The tests are written as py.test unit tests.
This facilitates the handling of fixtures and allows to instrument tests nicely, e.g., write a test once and run it against various combinations of clients.
To install the python dependencies and bitcoind
use the following:
apt-get install bitcoind python3 python3-pip
pip3 install -r requirements.txt
We suggest running this in a virtualenv in order to guard against changing dependencies.
We currently do not bundle the binaries that we test against. In order for the tests to run you'll need to compile the various clients and move/link the binaries into the directories where the tests can find them. Please refer to the various compilation instructions and make sure that the structure matches the following diagram:
├── btcd
├── eclair
│ └── eclair-node.jar
├── lightningd
│ ├── lightningd
│ ├── lightningd_channel
│ ├── lightningd_gossip
│ ├── lightningd_handshake
│ ├── lightningd_hsm
│ └── lightningd_opening
└── lnd
└── lnd
The binaries for lightningd
and lnd
should be pretty self-explanatory.
The binary artifact for eclair
is the jar
-file containing all dependencies for the eclair-node
subproject.
It is usually called eclair-node_X.Y.Z-SNAPSHOT-XXXXXX-capsule-fat.jar
and can be found in the target
subdirectory.
The tests rely on py.test to create fixtures, wire them into the tests and run the tests themselves.

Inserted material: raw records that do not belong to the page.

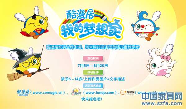 暑假對每個孩子的意義等同于兩個月的悠長假期,每到這時家長們都在想給孩子一個怎樣的假期才有意義呢?2012年暑假,國際動漫兒童家居第一品牌廣州酷漫居動漫科技有限公司聯(lián)手金鷹卡通王牌節(jié)目《玩名堂》,打造中國首檔兒童互助體驗夢想秀節(jié)目“我的夢想家”,現(xiàn)在正式全國招募。從夢想和愛出發(fā),為孩子打造一個全新的暑假計劃。
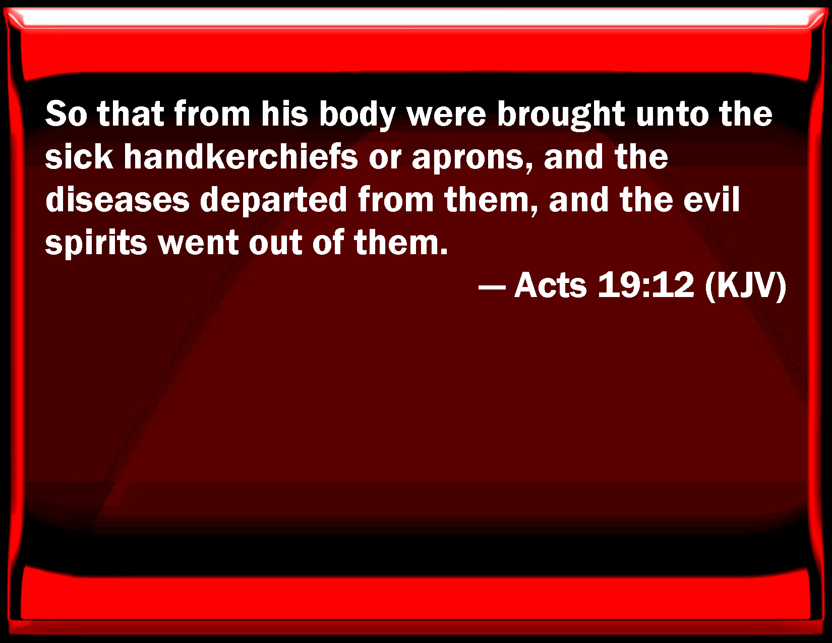 Bible Verse Slide Acts 19:12 So that from his body were brought to the sick handkerchiefs or aprons, and the diseases departed from them, and the evil spirits went out of them. KJV: So that from his body were brought unto the sick handkerchiefs or aprons, and the diseases departed from them, and the evil spirits went out of them. DRB: So that even there were brought from his body to the sick, handkerchiefs and aprons, and the diseases departed from them, and the wicked spirits went out of them. DBT: so that even napkins or aprons were brought from his body and put upon the sick, and the diseases left them, and the wicked spirits went out. ERV: insomuch that unto the sick were carried away from his body handkerchiefs or aprons, and the diseases departed from them, and the evil spirits went out. WBT: So that from his body were brought to the sick, handkerchiefs, or aprons, and the diseases departed from them, and the evil spirits went out of them. WEB: so that even handkerchiefs or aprons were carried away from his body to the sick, and the evil spirits went out. YLT: so that even unto the ailing were brought from his body handkerchiefs or aprons, and the sicknesses departed from them; the evil spirits also went forth from them.Links Acts 19:12 NIV • Acts 19:12 NLT • Acts 19:12 ESV • Acts 19:12 NASB • Acts 19:12 KJV • Acts 19:12 Interlinear • Acts 19:12 Commentaries • Acts 19:12 Parallel Texts • Acts 19:12 Bible Apps • Acts 19:12 Parallel • Bible Hub |
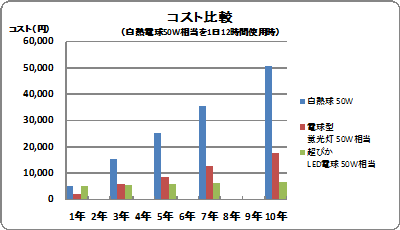 - 一般家庭で広く使われている白熱電球をLED電球に交換するだけで、電気代は白熱電球の約1/20に、電球形蛍光灯の約1/4に!
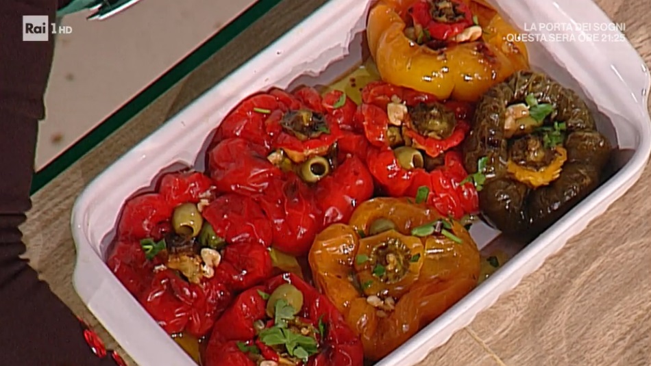 Farciamo le papaccelle con il ripieno. Le disponiamo su una pirofila e finiamo con un filo d’olio. Cuociamo in forno caldo e statico a 180° per 30 minuti: a metà cottura, bagniamo i peperoni con un po’ di mosto cotto.
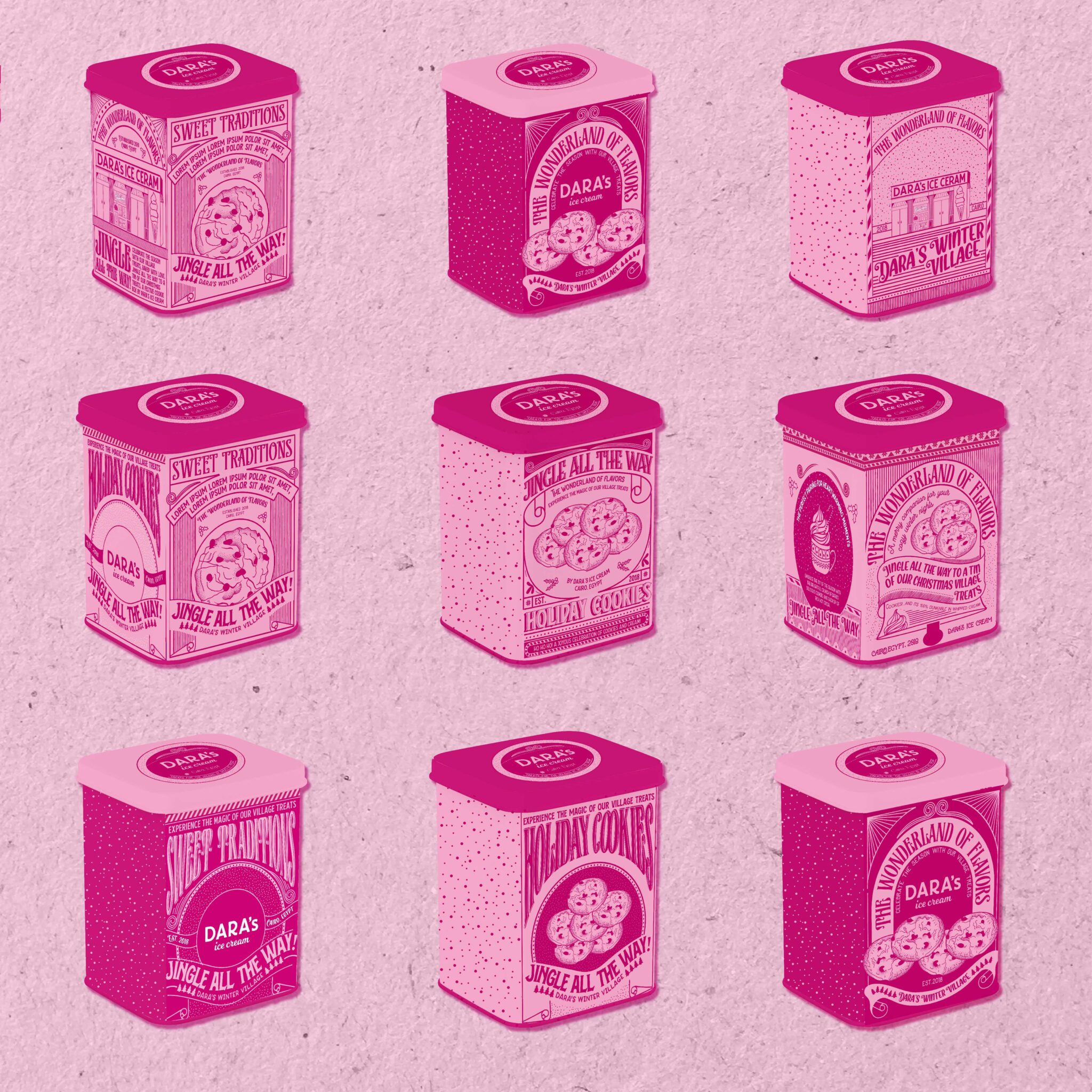 “Dara’s Christmas Village” and according to the concept all the packaging was designed with a vintage Christmas theme in terms of illustration style, typography, and packaging materials that’s why we used tin boxes as holiday treats box, we wanted to capture the essence of Christmas traditions and visuals through illustrations and copywriting, and we wanted customers to find everything they need to immerse in the Christmas/holiday spirit.
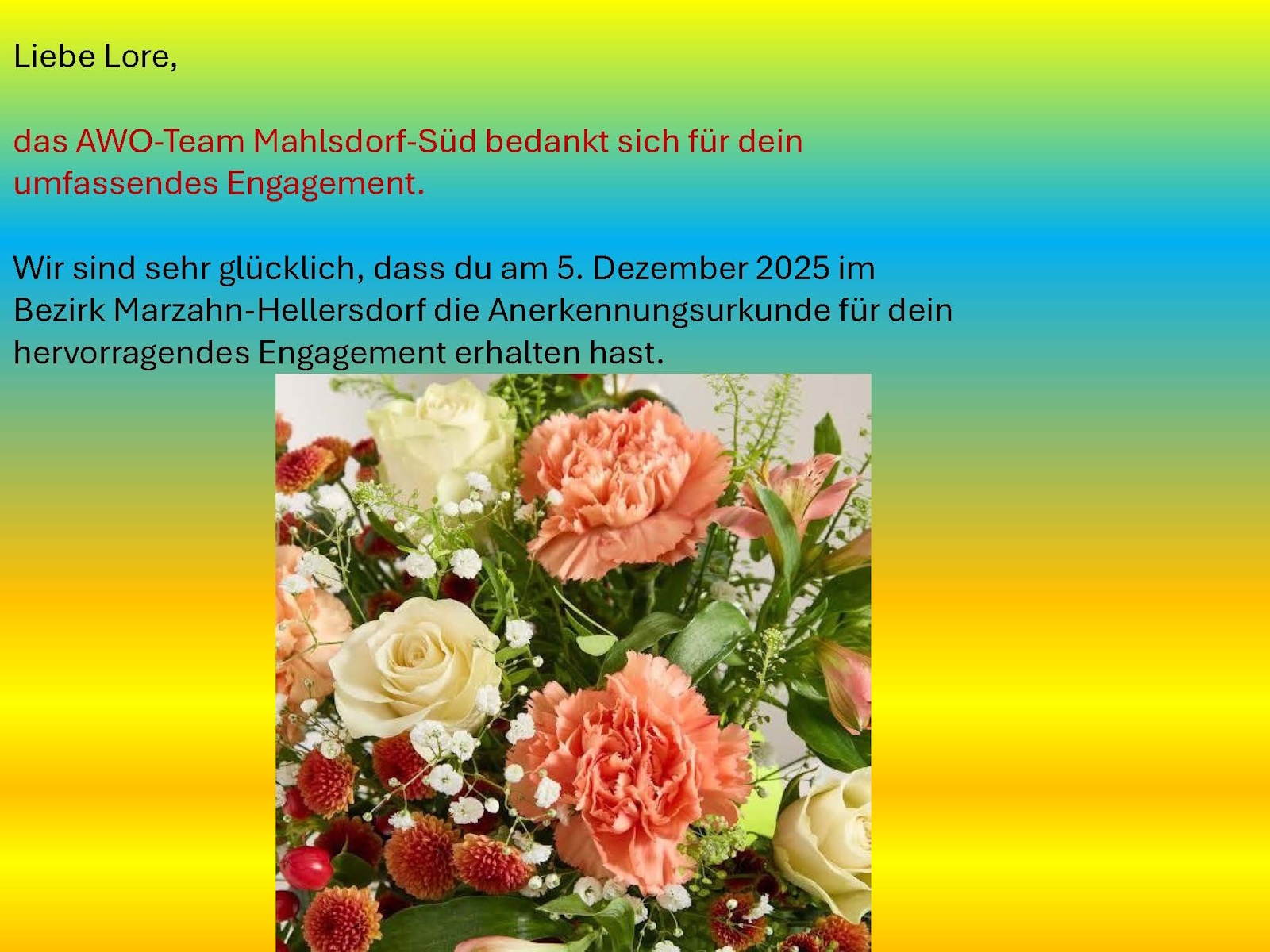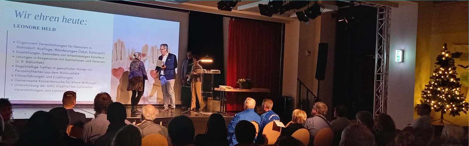 Am 5. Dezember 2025 konnten Vertreter*innen des AWO Stadtteiltreffs Mahlsdorf-Süd Frau Leonore Held zur diesjährigen Ehrenamtsfeier begleiten.
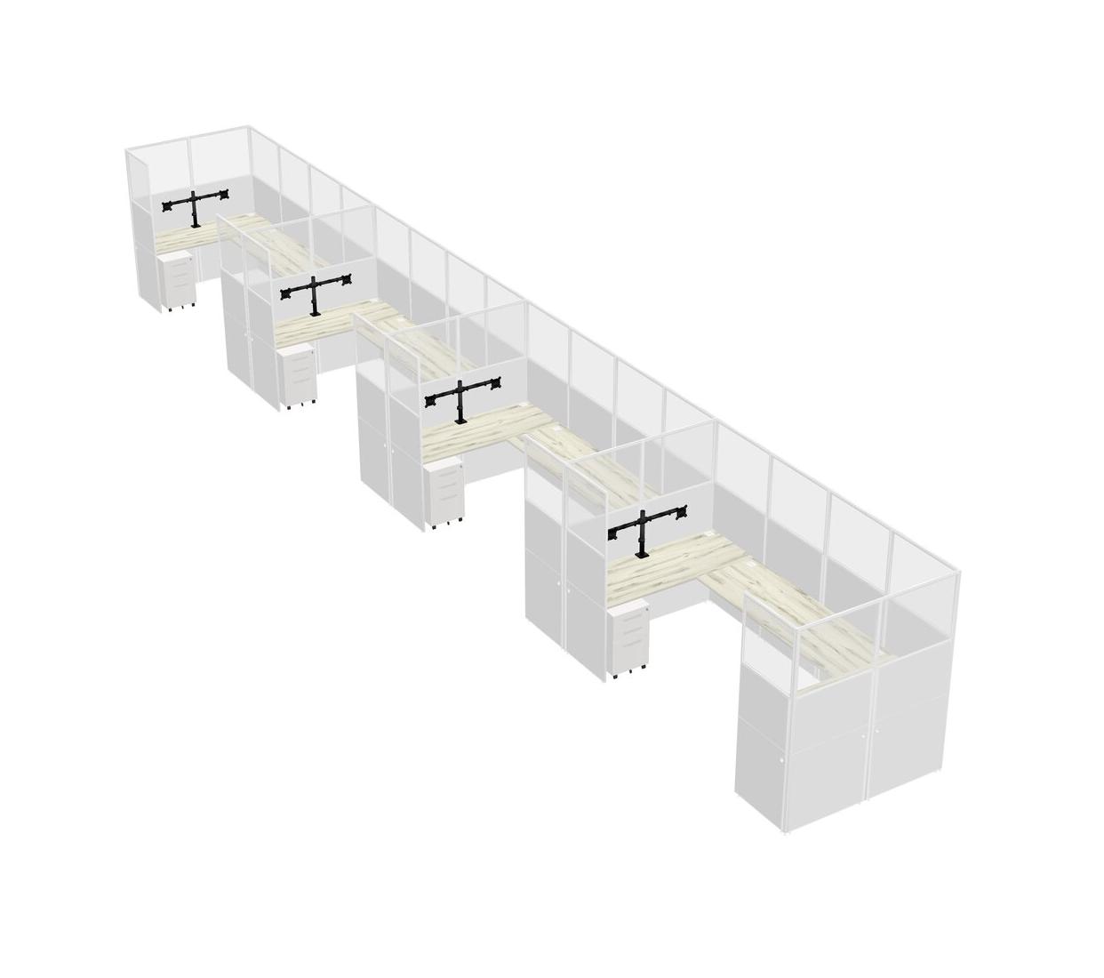 Système De Panneaux En U Heinne Holz Pour 4 Personnes + Bras D'écran (bras Doubles) + Tiroirs Mobiles En Métal Pour 4 Utilisateur(s)

Execute all tests by running
py.test -v test.py
This will run through all possible combinations of the implementations and report success/failure for each one.
To run only tests involving a certain implementation you can also run the following (taking lightningd
as an example):
py.test -v test.py -k LightningNode
Not sure where a test dies? Make the whole thing extremely verbose with this:
TEST_DEBUG=1 py.test -v test.py -s -k 'testConnect[EclairNode_LightningNode]'
Should you want to jump into an interactive session if something is about to fail run the following:
py.test -v test.py --pdb
This will run the tests until a failure would be recorded and start the python debugging console instead. In the console you have a python REPL that has access to the context of the current test, and you can interact with the clients via the RPCs to gather more information about what is going wrong.